*How to complete this task:* Exact copy, pictures excluded: write out every line below.

Content starts

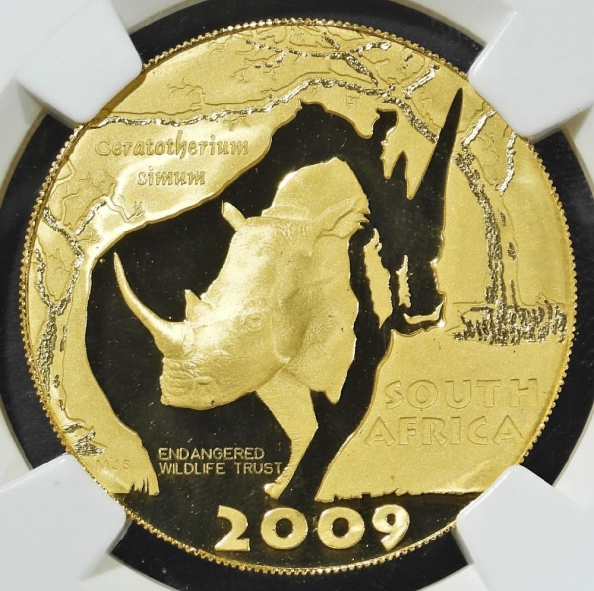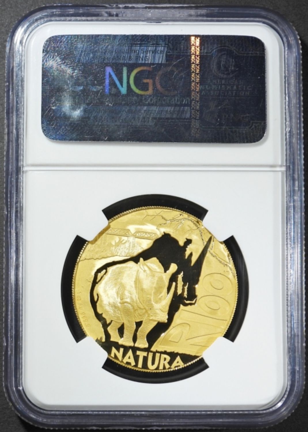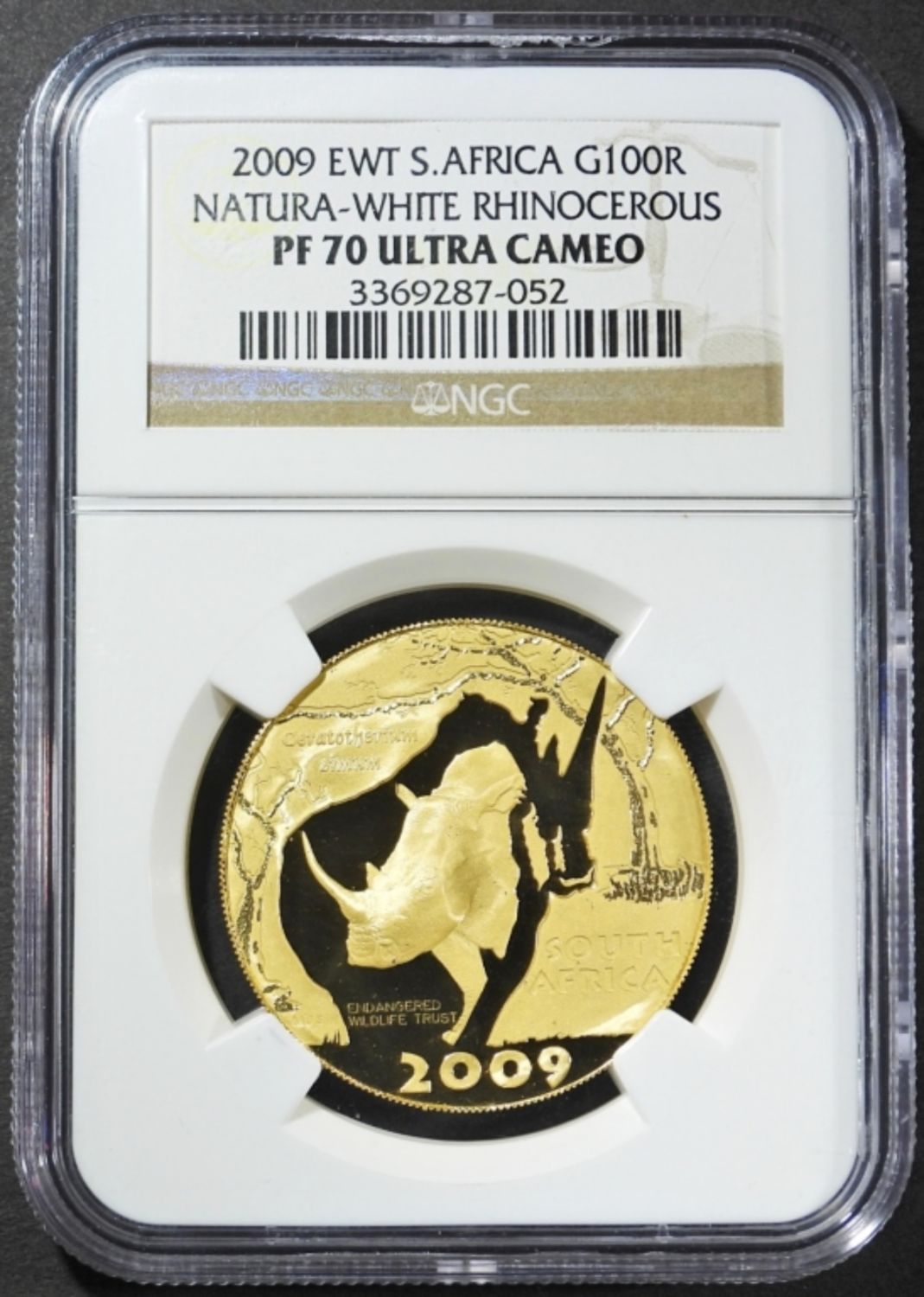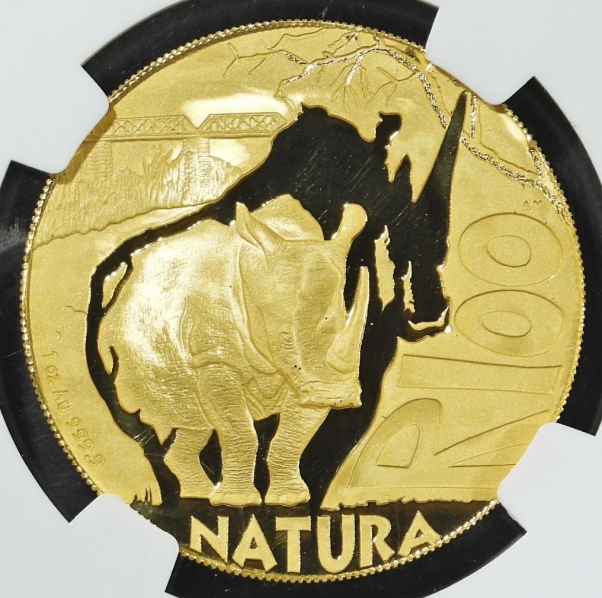 ENDANGERED WILDLIFE TRUST SOUTH AFRICA NATURA WHITE RHINOCEROUS GOLD 100 RAND. 1 OZ 999.9
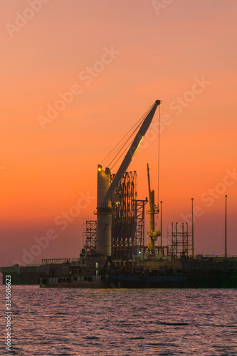 © SATHYA VASUDEVA, Obraz premium oil refinary at sunset
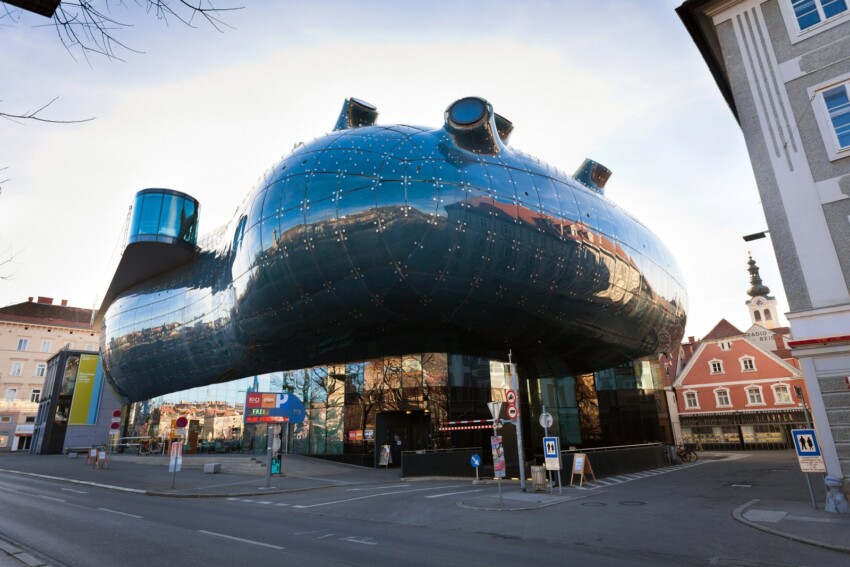 Surnommé par les habitants « le gentil étranger », il est le résultat d’un ambitieux projet d’architecture contemporaine des architectes londoniens Peter Cook et Colin Fournier, qui a vu la construction d’un musée à la forme excentrique, ressemblant vaguement à une énorme limace de mer, au cœur de la vieille ville, à côté de bâtiments historiques d’un style totalement différent. Cette coexistence pacifique étonnamment réussie est l’un des facteurs qui font de Graz une ville unique.
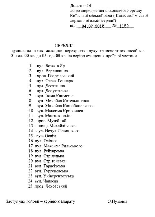 зокрема, 25 столичних вулиць можуть закрити для транспорту з 01:00 до 05:00.
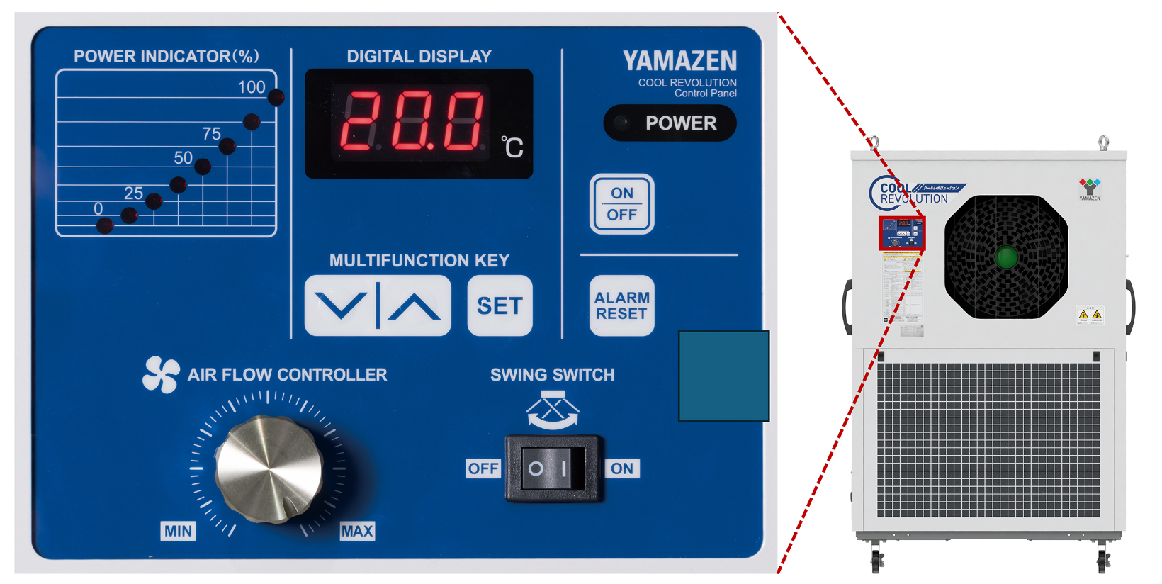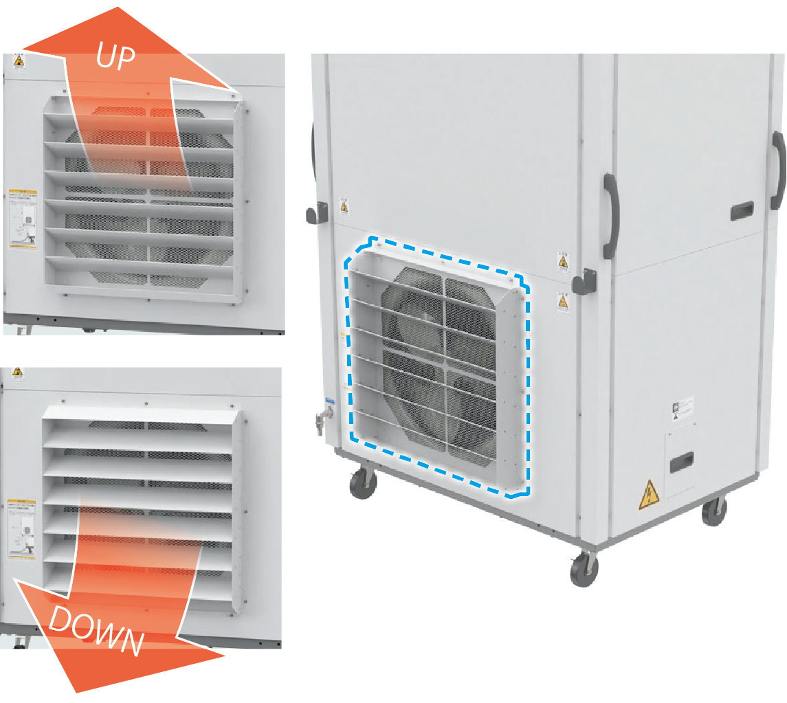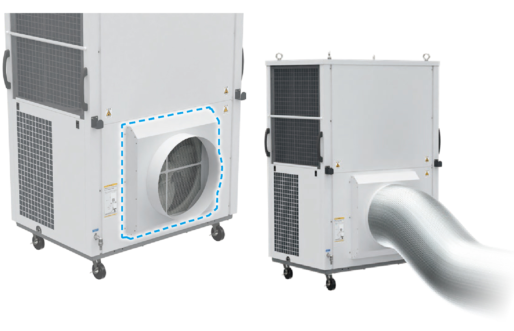 「クールレボリューション」は、大掛かりな設置工事が不要で、電源コードを繋いですぐ使用でき、キャスター付きで柔軟な配置変更が可能です。また、広範囲を1台でカバーするオートルーバーを標準装備しているほか、コントロールパネルの配置を変更するなど、機能性、操作性も向上しました。さらに、別売のダクトを装着すれば、コンテナ荷降ろし時の「コンテナ内冷却」のように、設置場所が確保しにくいシチュエーションでも、必要な箇所だけを狙うピンポイント冷却に柔軟に対応します。あわせて、排熱を適切に処理し、冷却効率を高める別売オプションもラインアップしています。
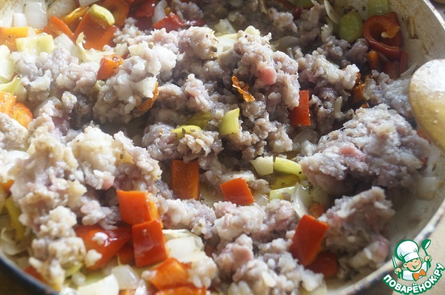 В сковороде разогреть растительное масло и выложить лук и перец, жарить около 5 минут, помешивая.
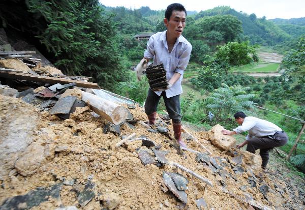 5月20日,广西融安县雅瑶乡雅瑶村大弄屯,村民在倒塌的房屋前清理可用的物品。
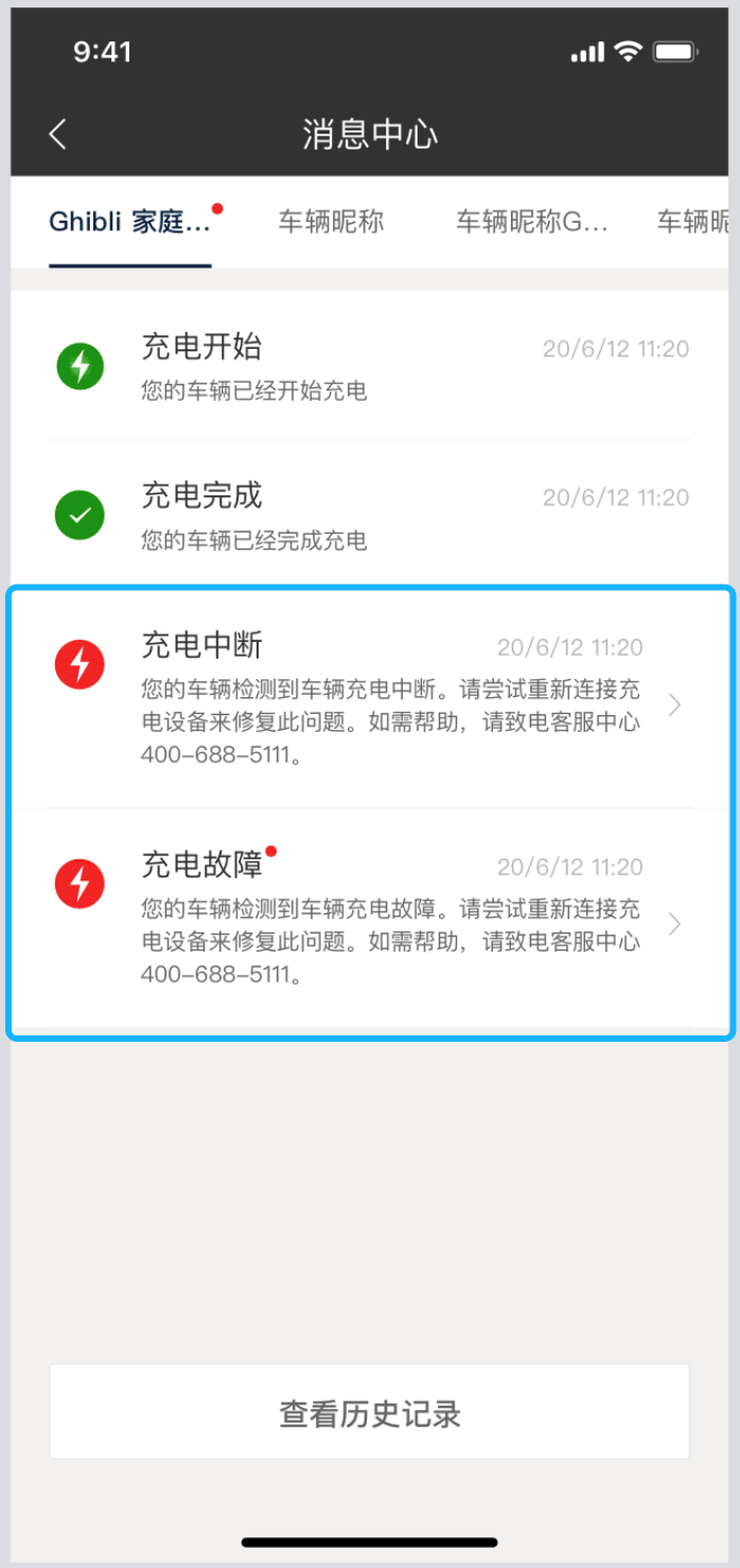 若充电过程发生故障/中断,您会在玛莎拉蒂APP消息中心收到如下信息。建议您及时检查充电枪连接状态,或联系玛莎拉蒂客服中心(400-688-5111)寻求帮助。
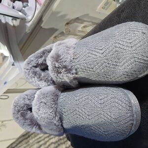 Plush gray women's slip-on slippers with a soft faux-fur collar for added warmth. Textured knit upper provides a comfortable, secure fit. Lightweight cushioned sole delivers daily comfort for around-the-house wear. Easy to slip on and designed for everyday relaxation.
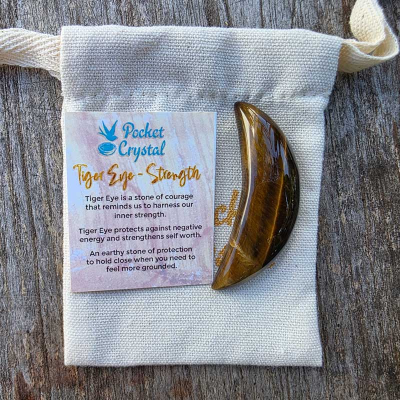 Tiger Eye Pocket Crystal Moon - Strength

Content ends

*Result below:*
 ENDANGERED WILDLIFE TRUST SOUTH AFRICA NATURA WHITE RHINOCEROUS GOLD 100 RAND. 1 OZ 999.9
 © SATHYA VASUDEVA, Obraz premium oil refinary at sunset
 Surnommé par les habitants « le gentil étranger », il est le résultat d’un ambitieux projet d’architecture contemporaine des architectes londoniens Peter Cook et Colin Fournier, qui a vu la construction d’un musée à la forme excentrique, ressemblant vaguement à une énorme limace de mer, au cœur de la vieille ville, à côté de bâtiments historiques d’un style totalement différent. Cette coexistence pacifique étonnamment réussie est l’un des facteurs qui font de Graz une ville unique.
 зокрема, 25 столичних вулиць можуть закрити для транспорту з 01:00 до 05:00.
 「クールレボリューション」は、大掛かりな設置工事が不要で、電源コードを繋いですぐ使用でき、キャスター付きで柔軟な配置変更が可能です。また、広範囲を1台でカバーするオートルーバーを標準装備しているほか、コントロールパネルの配置を変更するなど、機能性、操作性も向上しました。さらに、別売のダクトを装着すれば、コンテナ荷降ろし時の「コンテナ内冷却」のように、設置場所が確保しにくいシチュエーションでも、必要な箇所だけを狙うピンポイント冷却に柔軟に対応します。あわせて、排熱を適切に処理し、冷却効率を高める別売オプションもラインアップしています。
 В сковороде разогреть растительное масло и выложить лук и перец, жарить около 5 минут, помешивая.
 5月20日,广西融安县雅瑶乡雅瑶村大弄屯,村民在倒塌的房屋前清理可用的物品。
 若充电过程发生故障/中断,您会在玛莎拉蒂APP消息中心收到如下信息。建议您及时检查充电枪连接状态,或联系玛莎拉蒂客服中心(400-688-5111)寻求帮助。
 Plush gray women's slip-on slippers with a soft faux-fur collar for added warmth. Textured knit upper provides a comfortable, secure fit. Lightweight cushioned sole delivers daily comfort for around-the-house wear. Easy to slip on and designed for everyday relaxation.
 Tiger Eye Pocket Crystal Moon - Strength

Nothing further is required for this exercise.